• WHAT YOU ARE ASKED TO DO
Your copy of the listing must be exact and must hold no images.

• RECORD EXCERPTS

BEGIN

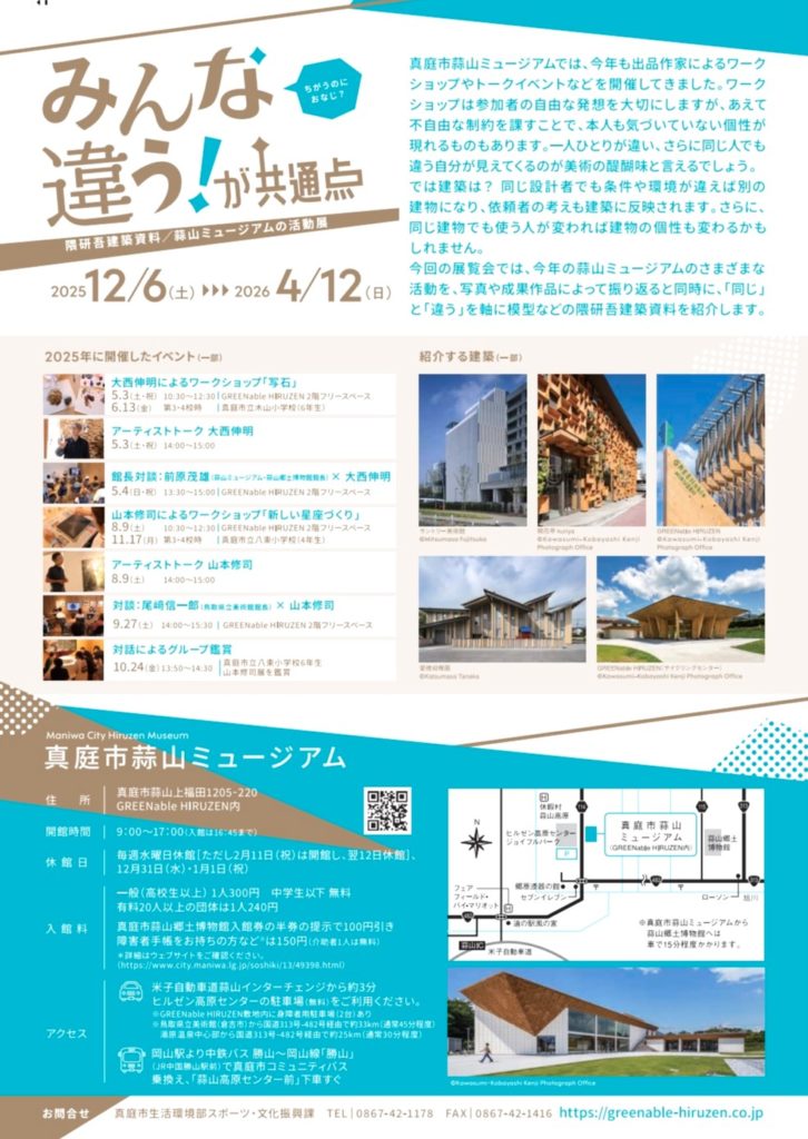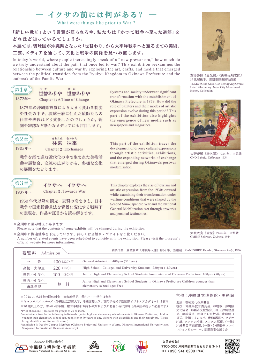 観 覧 料 一 般 600円、 高校・大学生 300円 、中学生以下無料
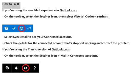 I changed my password for Outlook. Then I get an email saying Microsoft doesn't have permission to get my emails. These instructions are no help. Nothing happens when I select my account to sy...
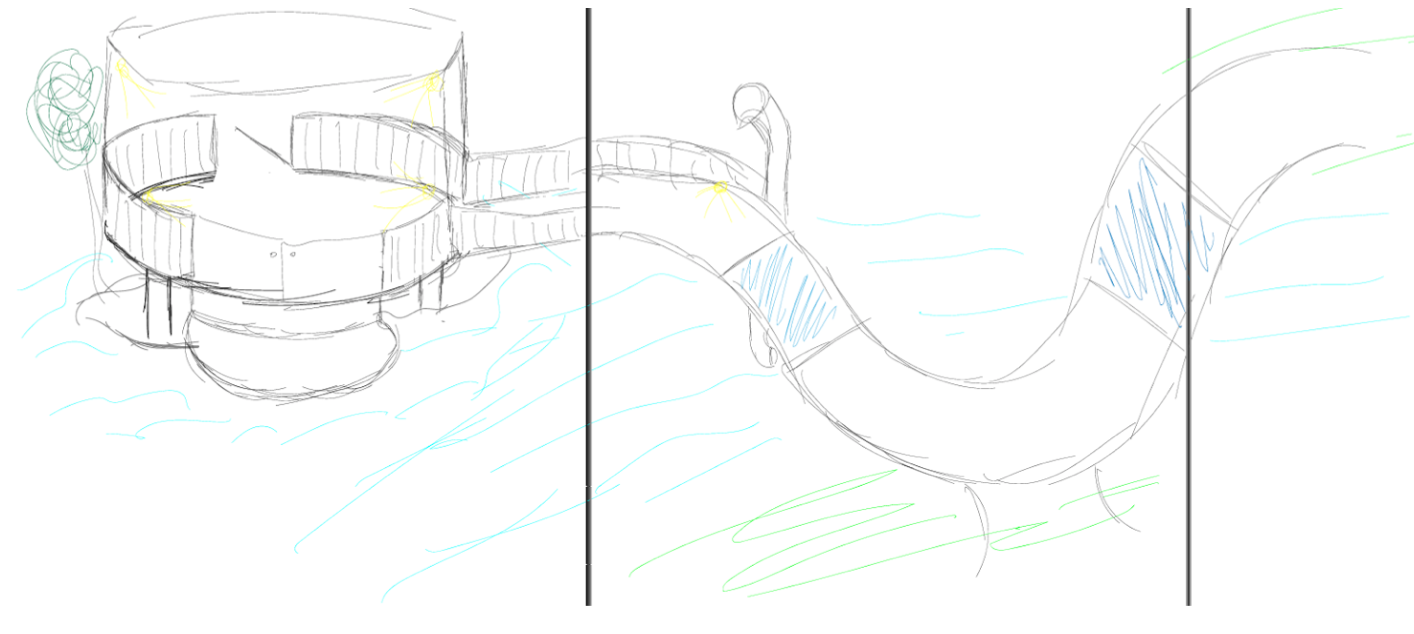 En type platå som står opp fra den naturlige øya som har forekommet i naturen påbegrunnet elvestrømmninger. Denne skal være et slags tilholdssted med sitteplasser. Det skal være bru mellom plassen og inn på området ved lekestativ/volleyballbane. Denne brua skal være utsyrt med glass plater som gjør at men ser ned i elven samt en type kikkert som gjør at man kan se under vannoverfalten. Platået skal ha gelender som hindrer folk fra å dette utenfor men det skal være åpen løsning med et enkelt tak. slik at man får ly på høst og vår dager.
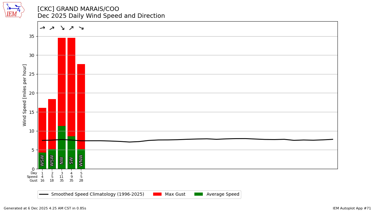 | 30 | 01 High: 15.8 Low: 5 Precip: M Avg Wind: WSW @ 4.3 Gust: WSW @ 16 (2:55 PM) RH% Min/Max: 57-92 Feel Min/Max: -4 to 10 | 02 High: 19.4 Low: 10.4 Precip: M Avg Wind: WSW @ 5.2 Gust: SW @ 18 (2:55 PM) RH% Min/Max: 79-100 Feel Min/Max: 2 to 18 | 03 High: 17.6 Low: -5.8 Precip: M Avg Wind: NW @ 11.3 Gust: WNW @ 35 (10:15 AM) RH% Min/Max: 47-92 Feel Min/Max: -20 to 6 | 04 High: 14 Low: -9.4 Precip: M Avg Wind: SW @ 8.6 Gust: WSW @ 35 (4:55 PM) RH% Min/Max: 33-92 Feel Min/Max: -23 to 4 | 05 High: 12.2 Low: 10.4 Precip: M RH% Min/Max: 85-100 Feel Min/Max: 1 to 12 | 06 Precip: M |
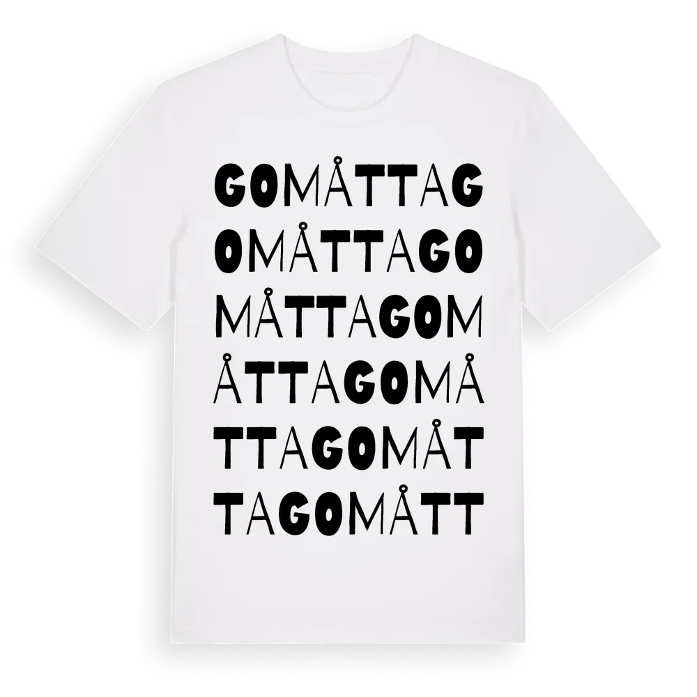 Gomåtta ordlek t-shirt är inspirerad av Gomåtta i Kalmar län, Sverige. Tröjan är designad för dig som har en speciell koppling till platsen – oavsett om du bor här, har rötterna här eller bara älskar Gomåtta.
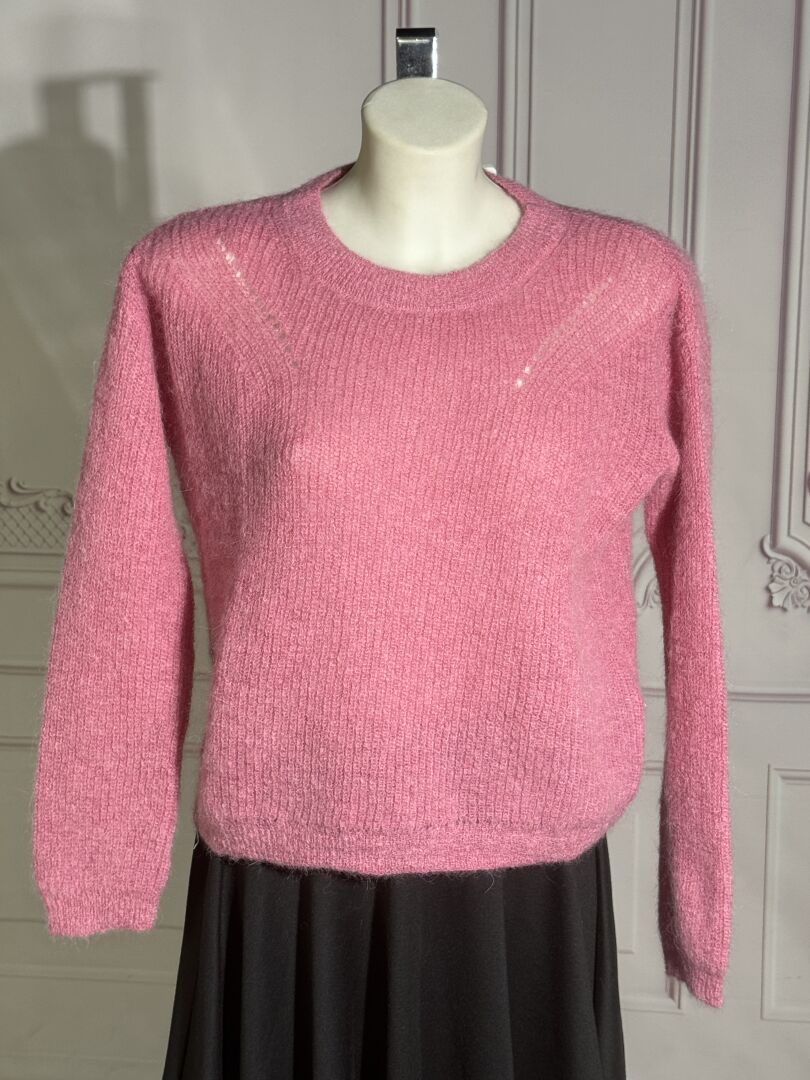 SUD EXPRESS - Pull en mailles fantaisie rose malabar, encolure ronde, manches longues. Tailles 1 Etat magasin
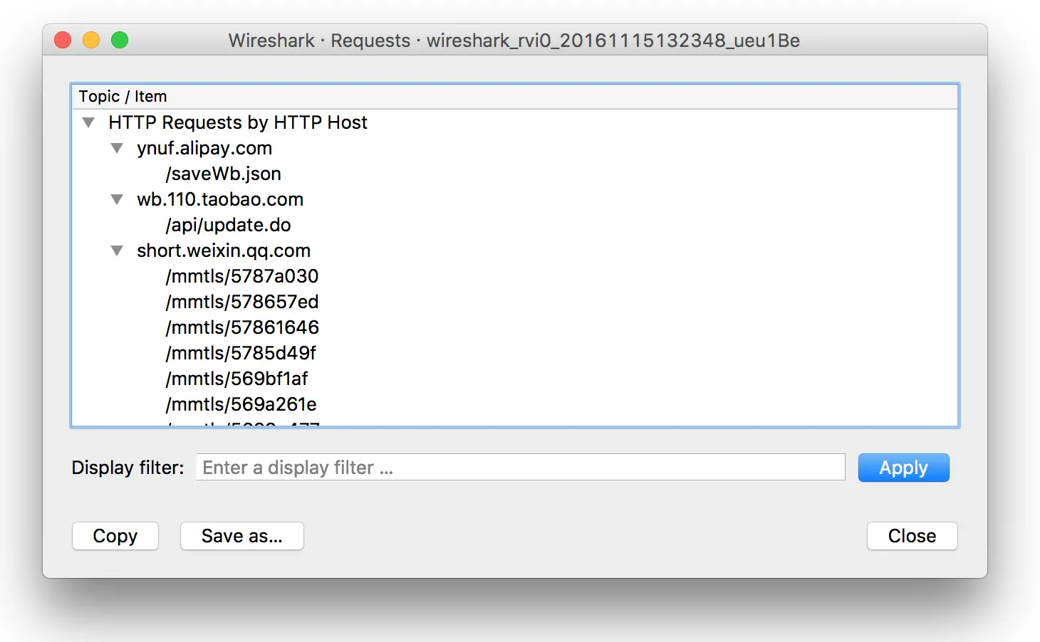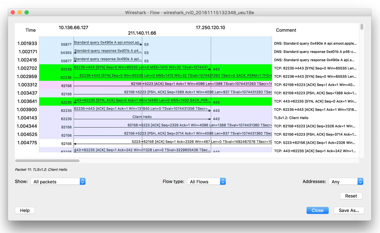 和Follow Stream不同的是我们获取到的是完整的流量,从上图中可以看出从10.136.66.127(我的iPhone手机IP地址)发出的流向多个服务器的网络流量,包括DNS解析和SSL安全握手等。当然我们也可以在上图中下方的操作区域做进一步的过滤,可以使用Display Filter做进一步的流量定位。
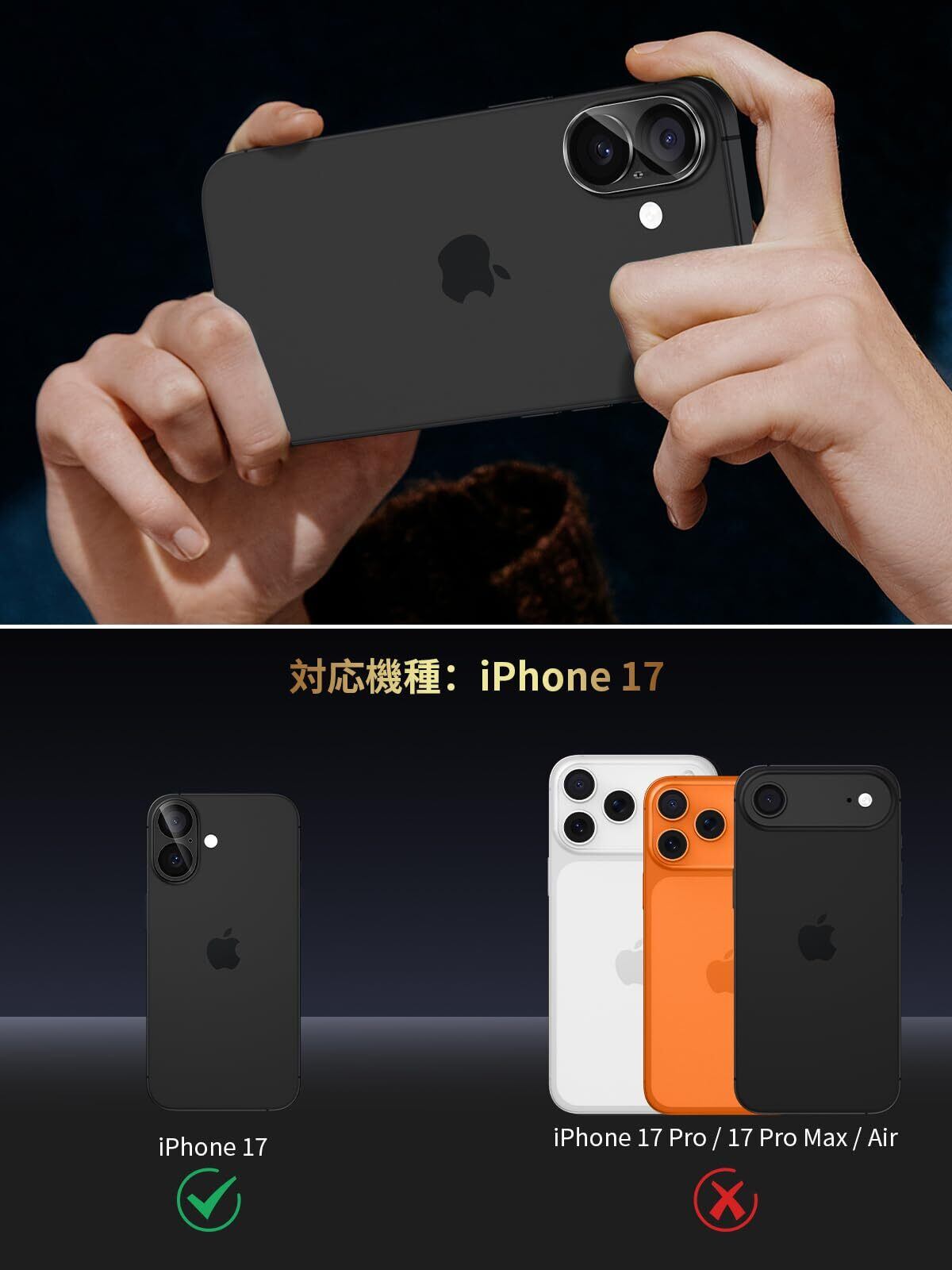 【対応機種】iPhone 17専用カメラ保護フィルム。セット内容:レンズフィルム*2枚。
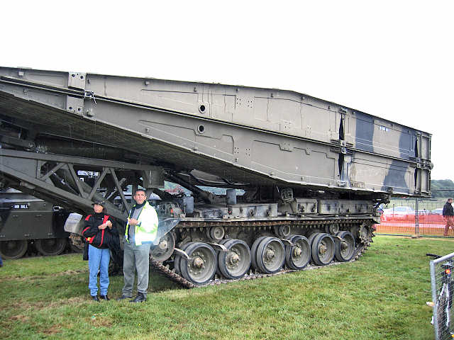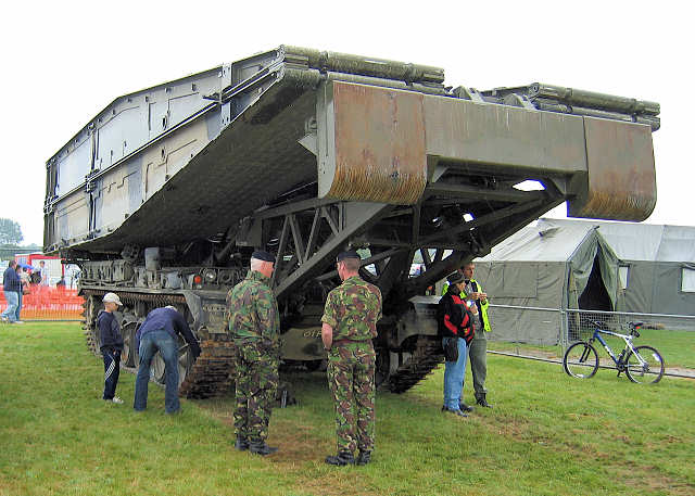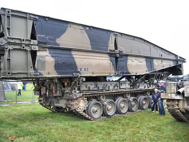 This vehicle was originally designed to lay either the No. 8 or No. 9 bridge. The vehicle pictured here has a No. 8 (scissors) bridge. The alternative No. 9 bridge is a one piece 13.4 m length bridge. The first vehicles were taken into British Army service in 1974, following a long gestation from 1962.

END

• TASK SOLUTION
 観 覧 料 一 般 600円、 高校・大学生 300円 、中学生以下無料
 I changed my password for Outlook. Then I get an email saying Microsoft doesn't have permission to get my emails. These instructions are no help. Nothing happens when I select my account to sy...
 En type platå som står opp fra den naturlige øya som har forekommet i naturen påbegrunnet elvestrømmninger. Denne skal være et slags tilholdssted med sitteplasser. Det skal være bru mellom plassen og inn på området ved lekestativ/volleyballbane. Denne brua skal være utsyrt med glass plater som gjør at men ser ned i elven samt en type kikkert som gjør at man kan se under vannoverfalten. Platået skal ha gelender som hindrer folk fra å dette utenfor men det skal være åpen løsning med et enkelt tak. slik at man får ly på høst og vår dager.
 | 30 | 01 High: 15.8 Low: 5 Precip: M Avg Wind: WSW @ 4.3 Gust: WSW @ 16 (2:55 PM) RH% Min/Max: 57-92 Feel Min/Max: -4 to 10 | 02 High: 19.4 Low: 10.4 Precip: M Avg Wind: WSW @ 5.2 Gust: SW @ 18 (2:55 PM) RH% Min/Max: 79-100 Feel Min/Max: 2 to 18 | 03 High: 17.6 Low: -5.8 Precip: M Avg Wind: NW @ 11.3 Gust: WNW @ 35 (10:15 AM) RH% Min/Max: 47-92 Feel Min/Max: -20 to 6 | 04 High: 14 Low: -9.4 Precip: M Avg Wind: SW @ 8.6 Gust: WSW @ 35 (4:55 PM) RH% Min/Max: 33-92 Feel Min/Max: -23 to 4 | 05 High: 12.2 Low: 10.4 Precip: M RH% Min/Max: 85-100 Feel Min/Max: 1 to 12 | 06 Precip: M |
 Gomåtta ordlek t-shirt är inspirerad av Gomåtta i Kalmar län, Sverige. Tröjan är designad för dig som har en speciell koppling till platsen – oavsett om du bor här, har rötterna här eller bara älskar Gomåtta.
 SUD EXPRESS - Pull en mailles fantaisie rose malabar, encolure ronde, manches longues. Tailles 1 Etat magasin
 和Follow Stream不同的是我们获取到的是完整的流量,从上图中可以看出从10.136.66.127(我的iPhone手机IP地址)发出的流向多个服务器的网络流量,包括DNS解析和SSL安全握手等。当然我们也可以在上图中下方的操作区域做进一步的过滤,可以使用Display Filter做进一步的流量定位。
 【対応機種】iPhone 17専用カメラ保護フィルム。セット内容:レンズフィルム*2枚。
 This vehicle was originally designed to lay either the No. 8 or No. 9 bridge. The vehicle pictured here has a No. 8 (scissors) bridge. The alternative No. 9 bridge is a one piece 13.4 m length bridge. The first vehicles were taken into British Army service in 1974, following a long gestation from 1962.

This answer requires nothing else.